(Records to use begins)

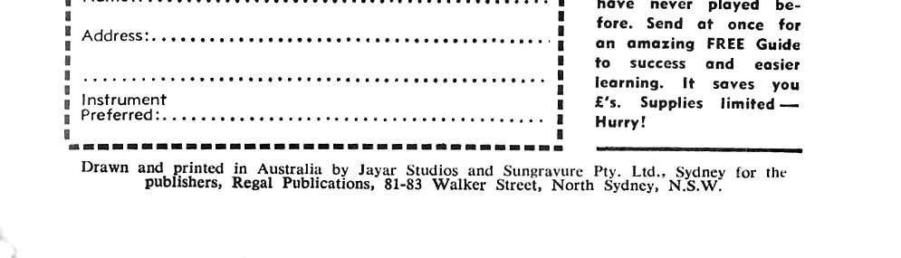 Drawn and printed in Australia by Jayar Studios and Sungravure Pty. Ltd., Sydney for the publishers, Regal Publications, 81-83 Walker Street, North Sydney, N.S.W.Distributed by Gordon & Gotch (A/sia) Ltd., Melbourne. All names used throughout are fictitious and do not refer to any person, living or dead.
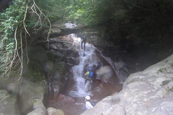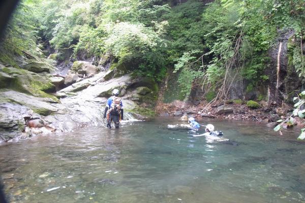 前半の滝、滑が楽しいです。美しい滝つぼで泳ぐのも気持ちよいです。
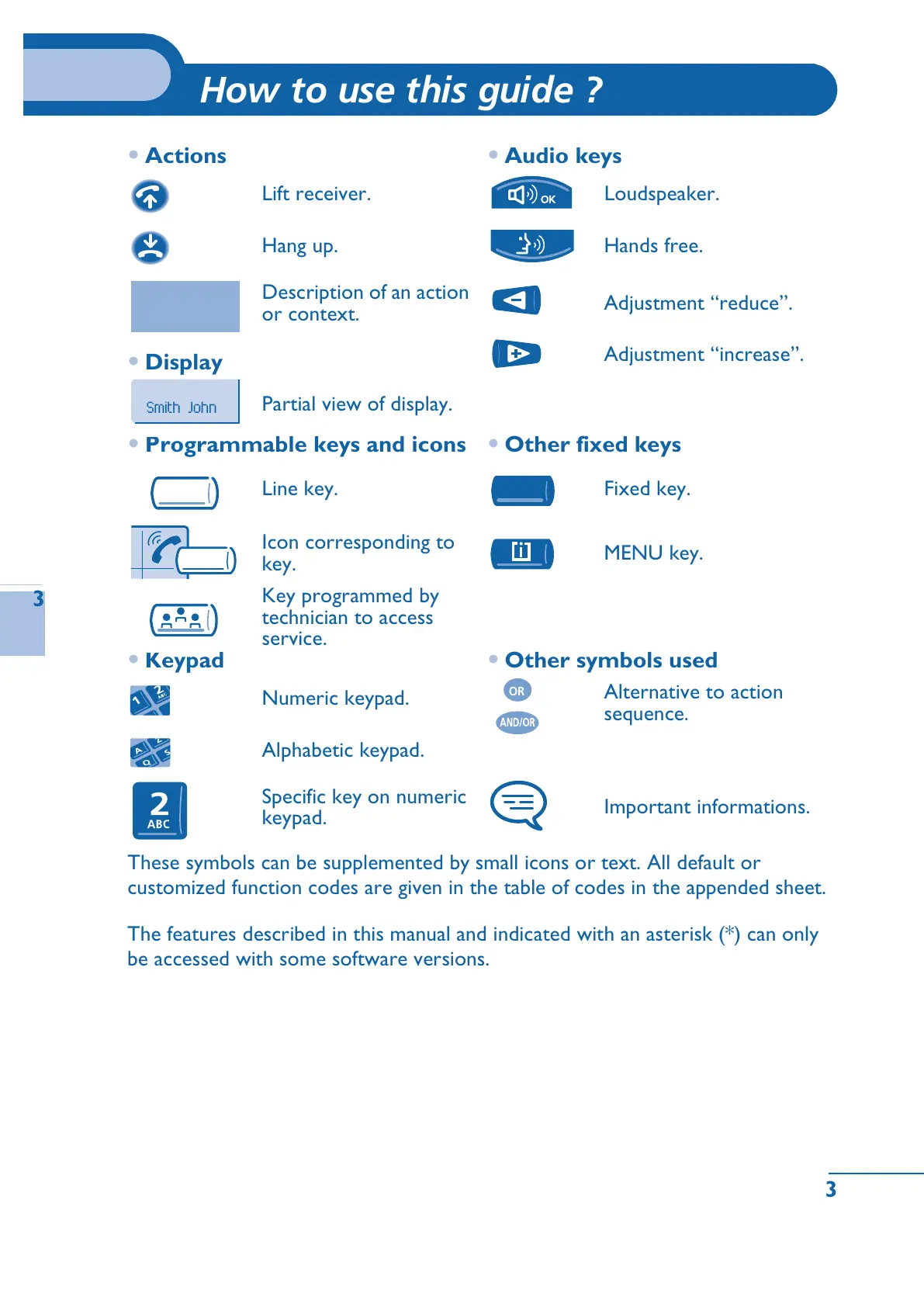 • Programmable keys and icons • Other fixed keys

(Records to use ends)
(Records to use begins)

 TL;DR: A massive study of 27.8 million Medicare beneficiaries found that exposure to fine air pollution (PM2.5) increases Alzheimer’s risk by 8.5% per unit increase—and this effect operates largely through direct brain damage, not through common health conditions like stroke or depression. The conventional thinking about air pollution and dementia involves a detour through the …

(Records to use ends)
(Records to use begins)

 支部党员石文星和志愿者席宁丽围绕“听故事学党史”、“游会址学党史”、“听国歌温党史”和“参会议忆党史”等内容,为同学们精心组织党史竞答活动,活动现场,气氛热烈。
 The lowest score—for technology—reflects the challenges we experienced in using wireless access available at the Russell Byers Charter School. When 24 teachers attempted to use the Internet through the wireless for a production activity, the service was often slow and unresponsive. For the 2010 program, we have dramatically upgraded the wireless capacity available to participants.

(Records to use ends)

What is being asked — Referring to the material above, set down exactly the lines between the line with "支部党员石文星和志愿者席宁丽" and the line with "The lowest score—for", inclusive, and no other lines.

Exercise result —
 支部党员石文星和志愿者席宁丽围绕“听故事学党史”、“游会址学党史”、“听国歌温党史”和“参会议忆党史”等内容,为同学们精心组织党史竞答活动,活动现场,气氛热烈。
 The lowest score—for technology—reflects the challenges we experienced in using wireless access available at the Russell Byers Charter School. When 24 teachers attempted to use the Internet through the wireless for a production activity, the service was often slow and unresponsive. For the 2010 program, we have dramatically upgraded the wireless capacity available to participants.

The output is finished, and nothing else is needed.